"Crash" Course from a Disaster

One Veteran Proves Vital for Many Volunteers’ Effectiveness

So much has happened in the world in recent months—“Arab Spring” developments, the killing of Osama Bin Laden, Greek protests over austerity demands—that the event which so dominated the news last Spring has faded from our collective memory.

 

Remember?

 

On March 11, a 250-mile-long and 100-mile wide section of the Pacific tectonic plate suddenly crashed under the plate on which Japan sits. This violent shifting of the Earth’s crust set off the tsunami, battering more than 500 miles of Japan’s northeast coast, reaching heights of up to 130 feet, and penetrating inland as far as six miles. It also set off the nuclear crisis at the Fukishima Daiichi nuclear power plant, which operators are still struggling to get into a cold shutdown. The quake and tsunami left an estimated 22.6 million tons of rubble in the coastal towns. This disaster claimed nearly 20,000 lives (including the more than 4,000 who remain missing eight months later).

 

It’s not only outsiders whose memories of the vast disaster appear to be fading. Many from Japan’s ravished northeast feel that the rest of the country, including the Tokyo political class, is already forgetting. Recovery is proving to be painfully slow. Out of the nearly half a million people displaced, more than 80,000 remain in temporary locations.

 

An encouraging exception to this amnesia has been the short-term volunteers from churches abroad.

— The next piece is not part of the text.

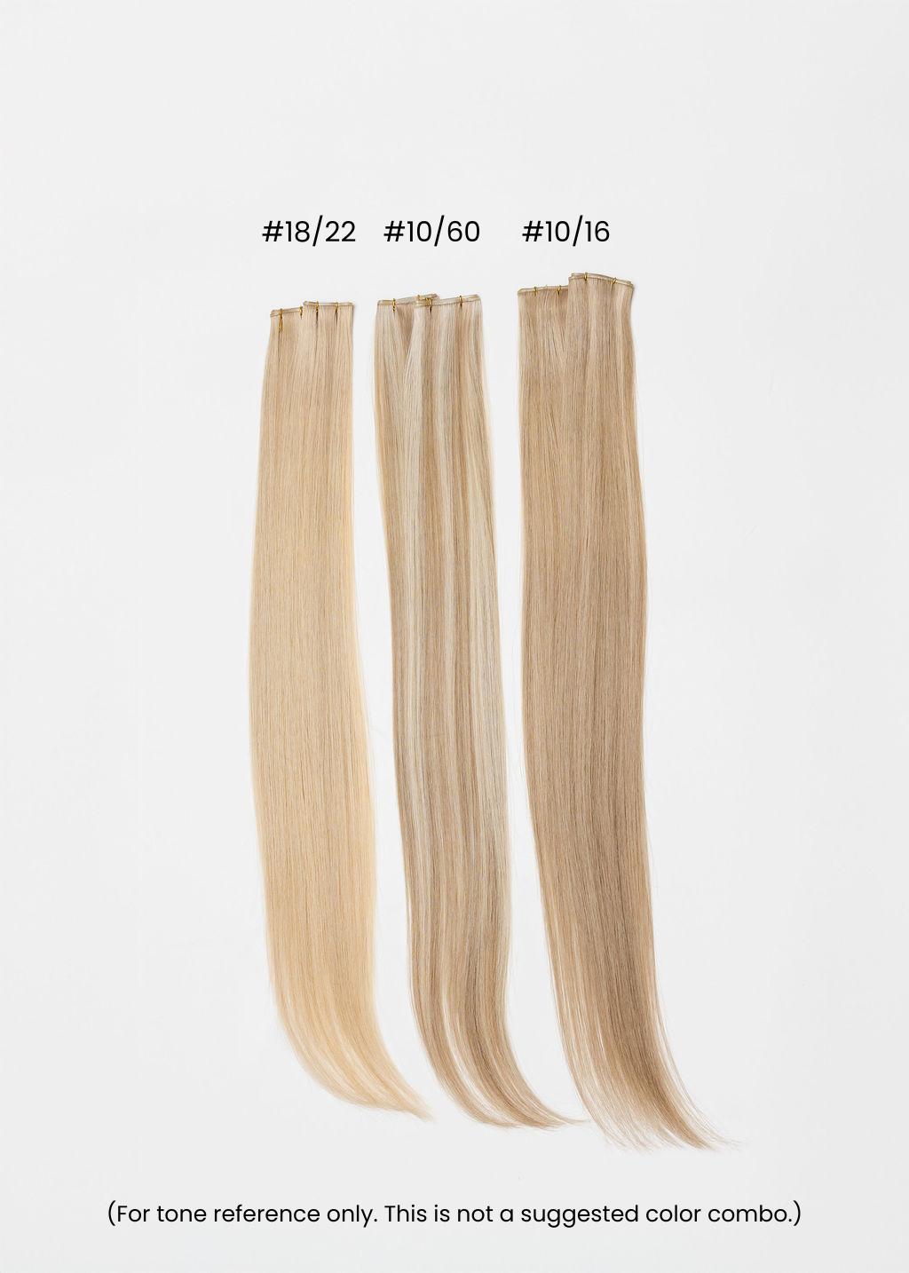 Dark-blonde combination. Perfect for low-lighting blondes. Add some #10/16 to your #60 and #18/22 for a natural, dimensional blonde.

Some 1,400 volunteers—from the U.S., Germany, Singapore, South Korea, and elsewhere—have been channeled through a movement with the unlikely acronym of CRASH (for Christian Relief, Assistance, Support & Hope). It began as a network grappling with disasters in Haiti and elsewhere, and has since become legally constituted in Japan as an NPO (non-profit organization). CRASH Japan works in partnership with the Japan Evangelical Association and the Japan Evangelical Missionary Association (JEMA). Its volunteers’ tasks in the affected communities are determined by them, and have included: distributing supplies and donated goods; cooking meals for survivor groups and individuals; cleaning debris and sludge out of houses; recovering, cleaning, and sorting personal belongings; doing basic mechanical and construction work; and restoring and replanting gardens. When possible, volunteers tell survivors they have come on behalf of the nearest local church.

 

But the survivors’ deeper wounds are internal. In a nation that values soldiering on (gambaru), many have yet to discuss their experiences with people and thus begin the healing process. CRASH staffers—predominantly young Japanese—take seriously the biblical instruction to rejoice with those who rejoice and mourn with those who mourn. They are trained in emotional care techniques: building relationships with survivors, setting up portable cafés, doing hand massages, listening to their stories, and helping them view their experiences rationally and with hope. The ravaged Tohuku coastal region area is one of the least churched areas in Japan. Where local churches exist, CRASH is there to strengthen and empower the national pastors and believers.

 

CRASH Japan founder Jonathan Wilson admits that the first weeks after last spring’s disaster were chaotic. Hundreds of volunteers, rotating in and out on one- and two-week stints, needed to be scheduled and positioned. Relief supplies, pouring into Tokyo from World Relief, World Vision, Samaritan’s Purse and other agencies, needed to be dispatched to the Tohuku region. Mushrooming new staff needed stop-gap training. The ongoing staff bordered on burnout.

 

The man of the hour, with experience gained from other disasters, and provided by the World Evangelical Alliance, was Canadian Mark McLeod. He functioned as chaplain, providing spiritual perspective to exhausted staffers and helping smooth internal stresses. But Mark doesn’t speak Japanese. To help bridge cultural and linguistic gaps between staff, the Japanese church, volunteers, and the disaster survivors, CRASH desperately needed experienced missionaries.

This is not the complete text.